An autobiography as toxic and addictive as any drug its author has ever ingested.

The legendary booze-addled metal rocker turned reality-TV star comes clean in his tell-all autobiography.

Although brought up in the bleak British factory town of Aston, John “Ozzy” Osbourne’s tragicomic rags-to-riches tale is somehow quintessentially American. It’s an epic dream/nightmare that takes him from Winson Green prison in 1966 to a presidential dinner with George W. Bush in 2004. Tracing his adult life from petty thief and slaughterhouse worker to rock star, Osbourne’s first-person slang-and-expletive-driven style comes off like he’s casually relating his story while knocking back pints at the pub. “What you read here,” he writes, “is what dribbled out of the jelly I call my brain when I asked it for my life story.” During the late 1960s his transformation from inept shoplifter to notorious Black Sabbath frontman was unlikely enough. In fact, the band got its first paying gigs by waiting outside concert venues hoping the regularly scheduled act wouldn’t show. After a few years, Osbourne and his bandmates were touring America and becoming millionaires from their riff-heavy doom music. As expected, with success came personal excess and inevitable alienation from the other members of the group. But as a solo performer, Osbourne’s predilection for guns, drink, drugs, near-death experiences, cruelty to animals and relieving himself in public soon became the stuff of legend.
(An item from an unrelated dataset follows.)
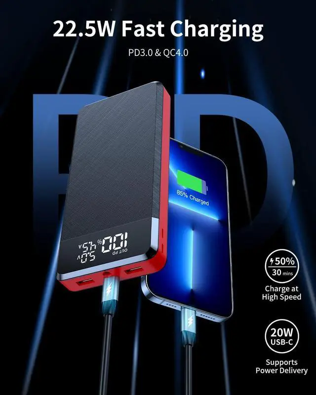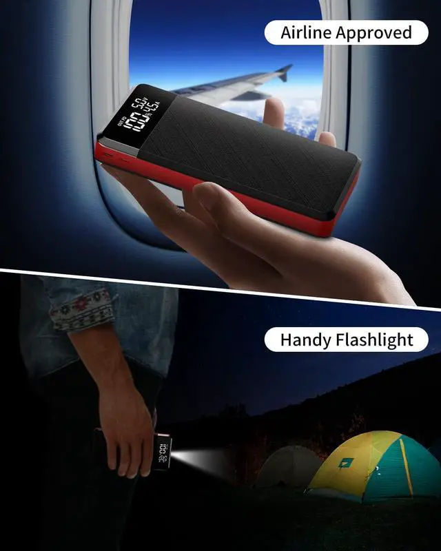 LED Digital DisplayThis unique portable charger features an excellent LED indicator, a percentage-based readout shows you the precise remaining power, Voltage, current, PD indication. No more guessing about the remaining power and when to recharge. Know before you go!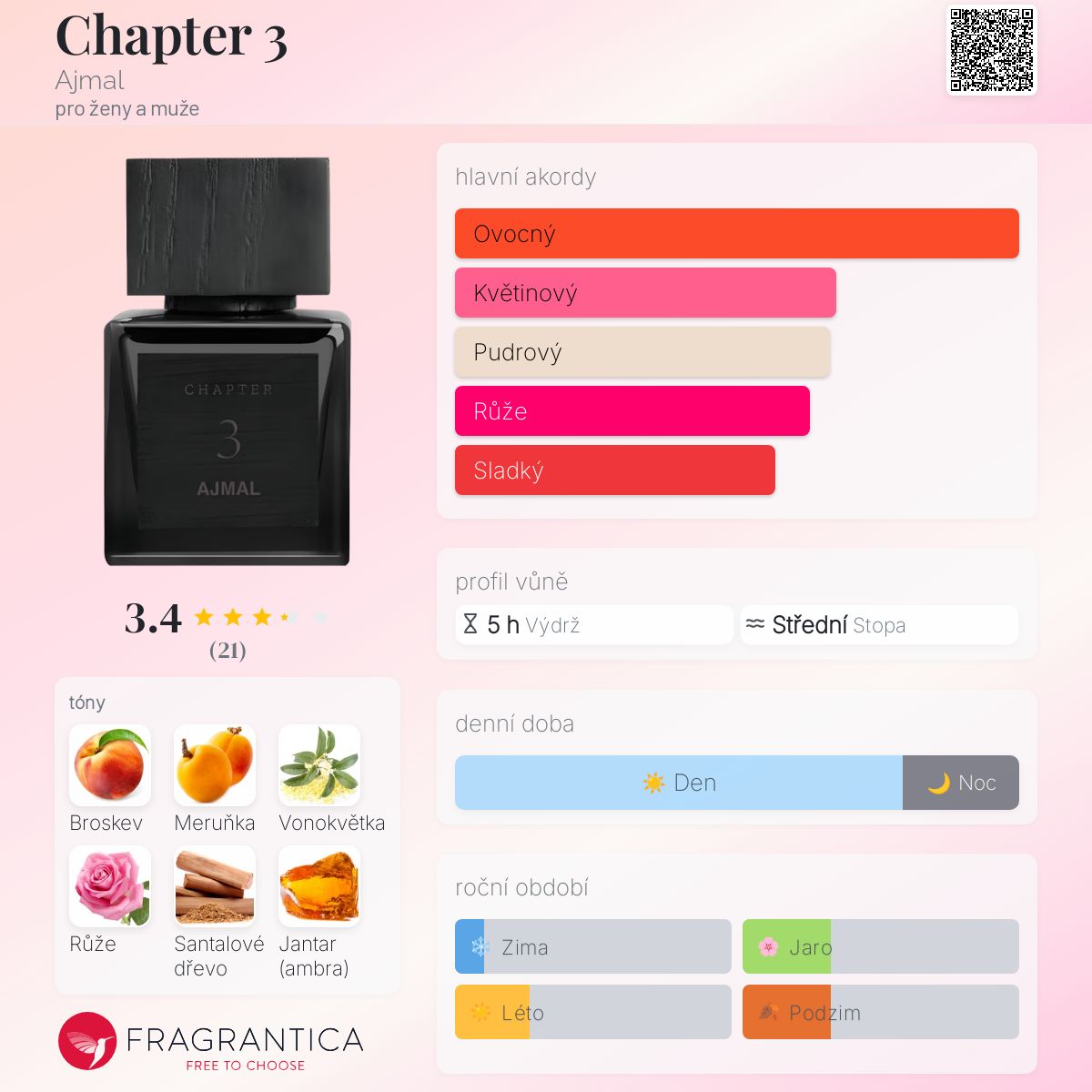 Chapter 3 podle Ajmal je Floral Fruity vůně pro ženy a muže. Toto je nová vůně. Chapter 3 byl/a uveden/a v roce 2025. "Nosem" za touto vůní je Benjamin Belizon. Vrchní tóny jsou Broskev, Meruňka, Červené ovoce a Zelené tóny; střední tóny jsouVonokvětka a Růže ; základní tóny jsou Santalové dřevo, Jantar (ambra) a Pižmo.

His most infamous exploits—biting the head off a bat and accidentally urinating on the Alamo—are addressed, but they seem tame compared to other dark moments of his checkered past: nearly killing his wife Sharon during an alcohol-induced blackout, waking up after a bender in the middle of a busy highway, burning down his backyard, etc. Osbourne is confessional to a fault, jeopardizing his demonic-rocker reputation with glib remarks about his love for Paul McCartney and Robin Williams. The most distinguishing feature of the book is the staggering chapter-by-chapter accumulation of drunken mishaps, bodily dysfunctions and drug-induced mayhem over a 40-plus-year career—a résumé of anti-social atrocities comparable to any of rock ’n’ roll’s most reckless outlaws.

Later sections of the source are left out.